*** MATERIAL SHOWN Section Begins ***
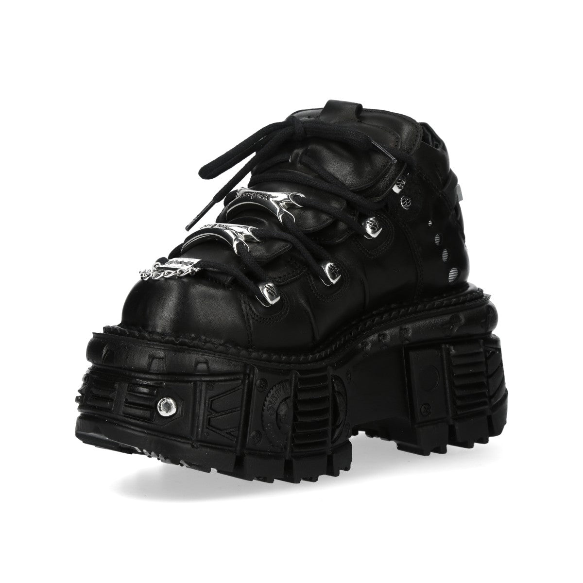 The New Rock - Metallic Ankle Boot M-TANK106-C5 from New Rock’s METALLIC Collection is handcrafted in Spain with genuine leather. It features a chunky platform sole, lace-up front, and timeless punk-rock flair for unisex wear.
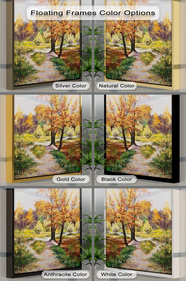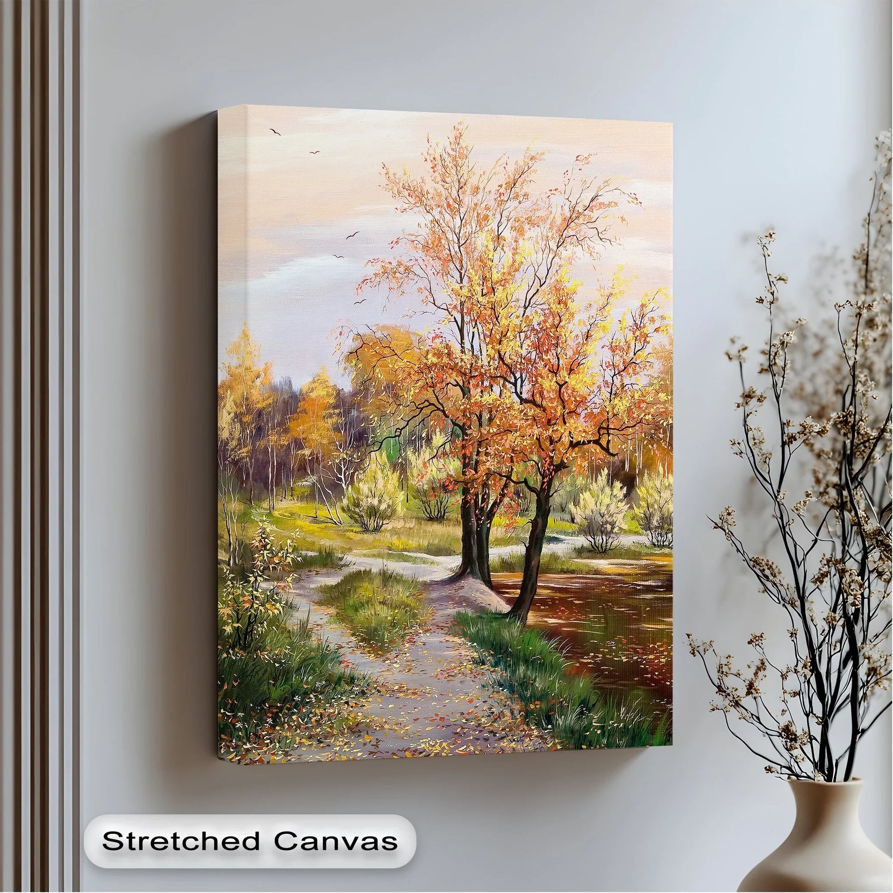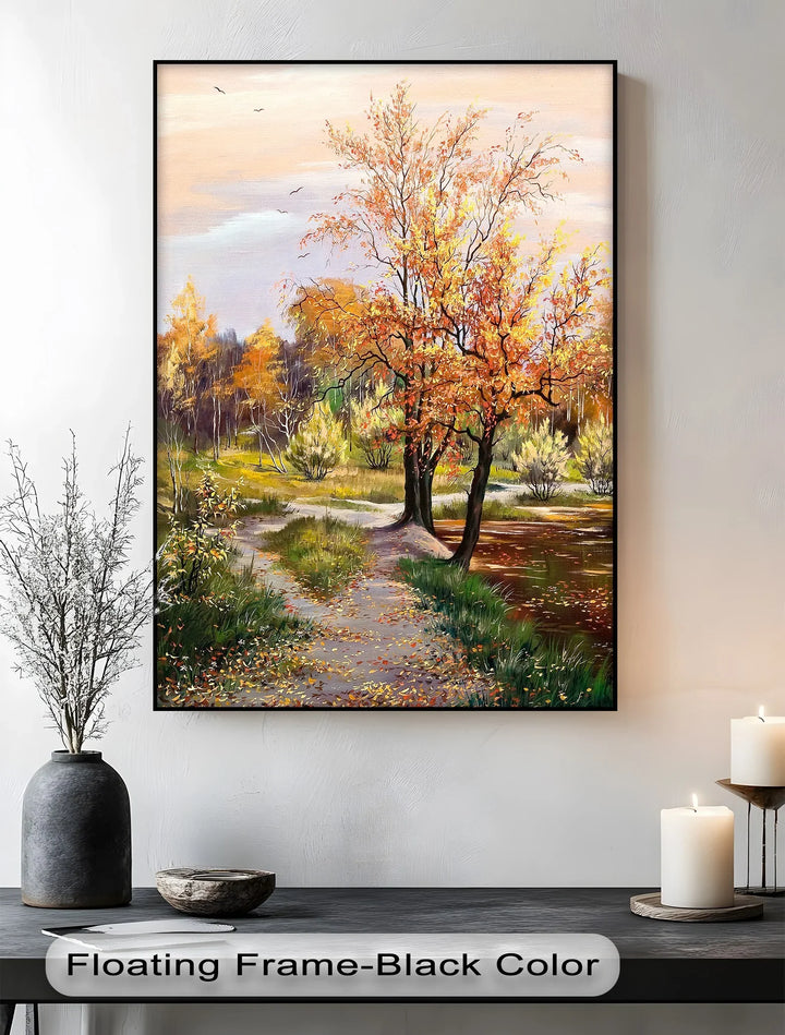 Step into the heart of autumn with this vibrant fall forest trail canvas print. The scene features a golden-leaved path winding through trees dressed in warm hues of amber, russet, and gold. Birds soar above a soft sky, while gentle reflections shimmer across a peaceful pond. This artwork captures the fleeting beauty of nature's most colorful season, evoking feelings of nostalgia, peace, and reflection.
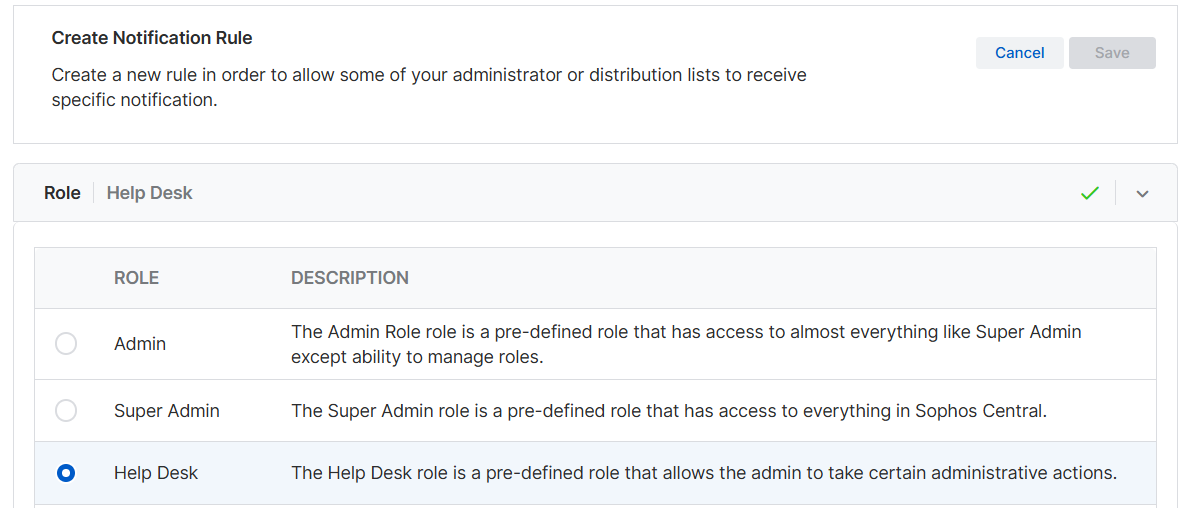 2. 製品で設定」で、Sophos Central を選択したままにします。他の製品からの警告に関するメール通知を同じ管理者に受信させる場合を除き、他のオプションの選択を解除します。
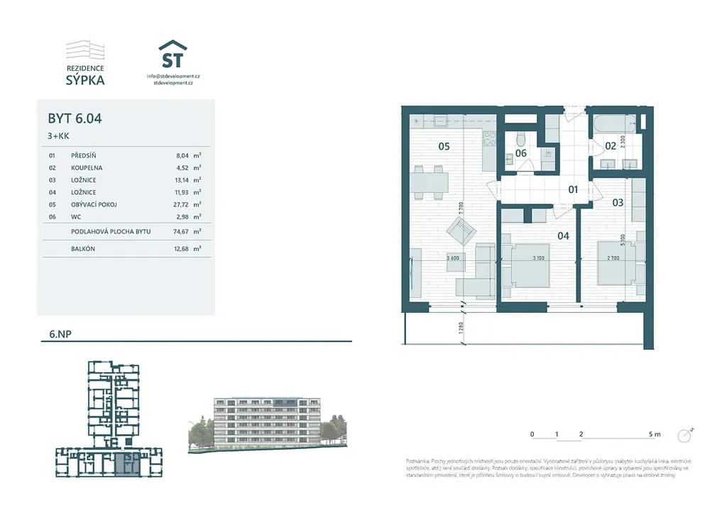 Nabízíme velmi příjemný byt 3+kk v 6. nadzemním podlaží projektu Rezidence Sýpka, vhodný pro mladou rodinu nebo pár.
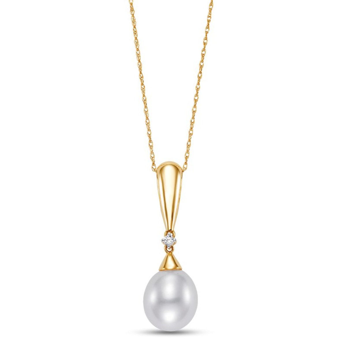 This Mastolini pendant features a 9.5–10 mm oval freshwater pearl, complemented by a single 0.03-carat round brilliant natural diamond for a touch of subtle sparkle. Set with a polished elongated bail on a 14-karat yellow gold superfine Rolo link chain measuring 18 inches with a 2-inch station, the design combines classic elegance with delicate modern refinement, creating a versatile piece that radiates timeless sophistication.
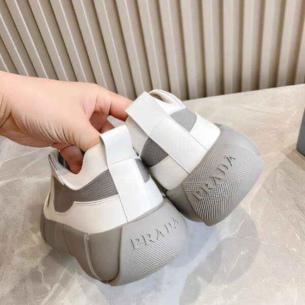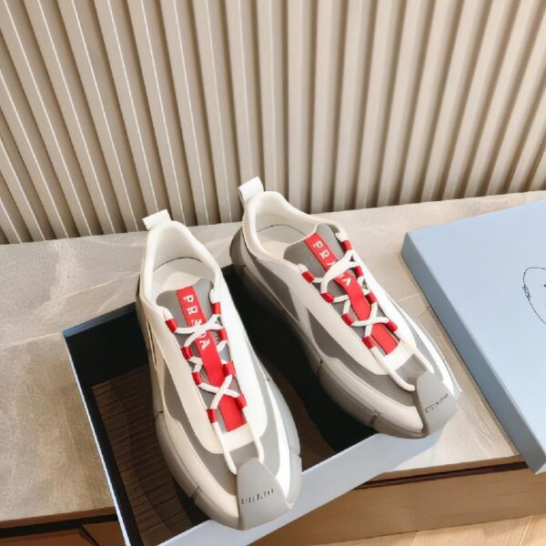 PRADA普拉达男士系带皮革休闲运动鞋灰红配色
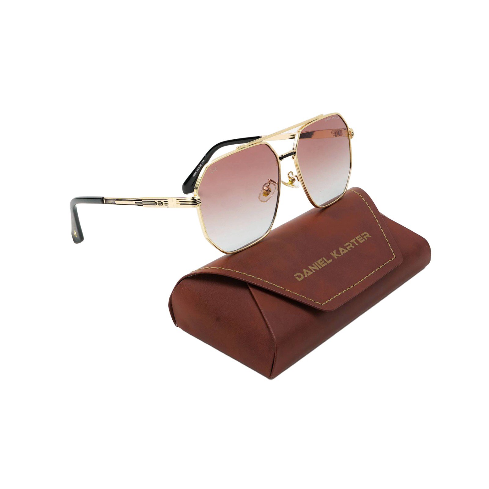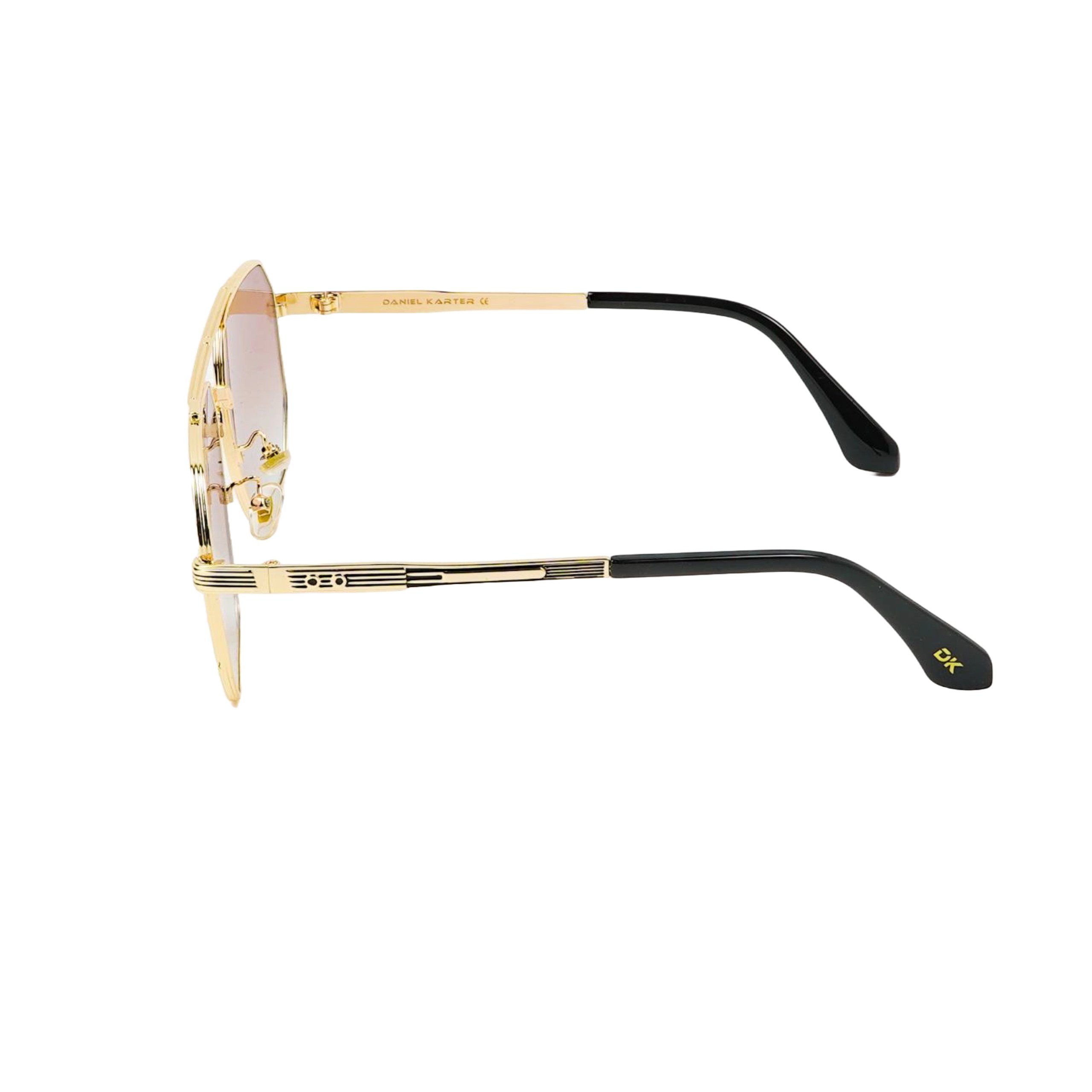 Make a statement with the Daniel Karter “Majesty” Sunglasses. These geometric aviators feature a luxurious gold frame, a stylish double bridge, and dazzling purple gradient lenses. Perfect for those in Delhi who want to add a regal touch to their everyday look..
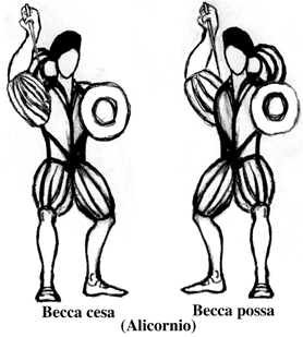 The etymology of these two guards is not clear: the „becca“ was a kind of baldric used by the medieval knights; the adjective „cesa“ could derive from the latin „caesa“ (past participe of „caedere“) that would mean „killed“, „defeated“, and „possa“ as derivation of „possum“, „to be able“, „to be powerful“; then, seeing that in this guard the blade crosses the figure obliquely, there can be a „baldric“ (becca) „strong“ (possa) or „weak“ (cesa), with the left foot forward in the first case and with the right in the second.
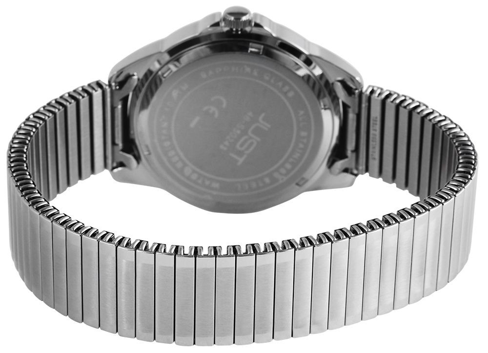 A pulseira de aço inoxidável tem uma largura de 18 mm e pode ser aberta e fechada usando uma fivela de aço inoxidável. O comprimento total do relógio masculino é de 23 cm.
*** MATERIAL SHOWN Section Ends ***
**YOUR GOAL**
Skipping the pictures, output the entries exactly as they appear above.

**RESULT OF THE TASK**
 The New Rock - Metallic Ankle Boot M-TANK106-C5 from New Rock’s METALLIC Collection is handcrafted in Spain with genuine leather. It features a chunky platform sole, lace-up front, and timeless punk-rock flair for unisex wear.
 Step into the heart of autumn with this vibrant fall forest trail canvas print. The scene features a golden-leaved path winding through trees dressed in warm hues of amber, russet, and gold. Birds soar above a soft sky, while gentle reflections shimmer across a peaceful pond. This artwork captures the fleeting beauty of nature's most colorful season, evoking feelings of nostalgia, peace, and reflection.
 2. 製品で設定」で、Sophos Central を選択したままにします。他の製品からの警告に関するメール通知を同じ管理者に受信させる場合を除き、他のオプションの選択を解除します。
 Nabízíme velmi příjemný byt 3+kk v 6. nadzemním podlaží projektu Rezidence Sýpka, vhodný pro mladou rodinu nebo pár.
 This Mastolini pendant features a 9.5–10 mm oval freshwater pearl, complemented by a single 0.03-carat round brilliant natural diamond for a touch of subtle sparkle. Set with a polished elongated bail on a 14-karat yellow gold superfine Rolo link chain measuring 18 inches with a 2-inch station, the design combines classic elegance with delicate modern refinement, creating a versatile piece that radiates timeless sophistication.
 PRADA普拉达男士系带皮革休闲运动鞋灰红配色
 Make a statement with the Daniel Karter “Majesty” Sunglasses. These geometric aviators feature a luxurious gold frame, a stylish double bridge, and dazzling purple gradient lenses. Perfect for those in Delhi who want to add a regal touch to their everyday look..
 The etymology of these two guards is not clear: the „becca“ was a kind of baldric used by the medieval knights; the adjective „cesa“ could derive from the latin „caesa“ (past participe of „caedere“) that would mean „killed“, „defeated“, and „possa“ as derivation of „possum“, „to be able“, „to be powerful“; then, seeing that in this guard the blade crosses the figure obliquely, there can be a „baldric“ (becca) „strong“ (possa) or „weak“ (cesa), with the left foot forward in the first case and with the right in the second.
 A pulseira de aço inoxidável tem uma largura de 18 mm e pode ser aberta e fechada usando uma fivela de aço inoxidável. O comprimento total do relógio masculino é de 23 cm.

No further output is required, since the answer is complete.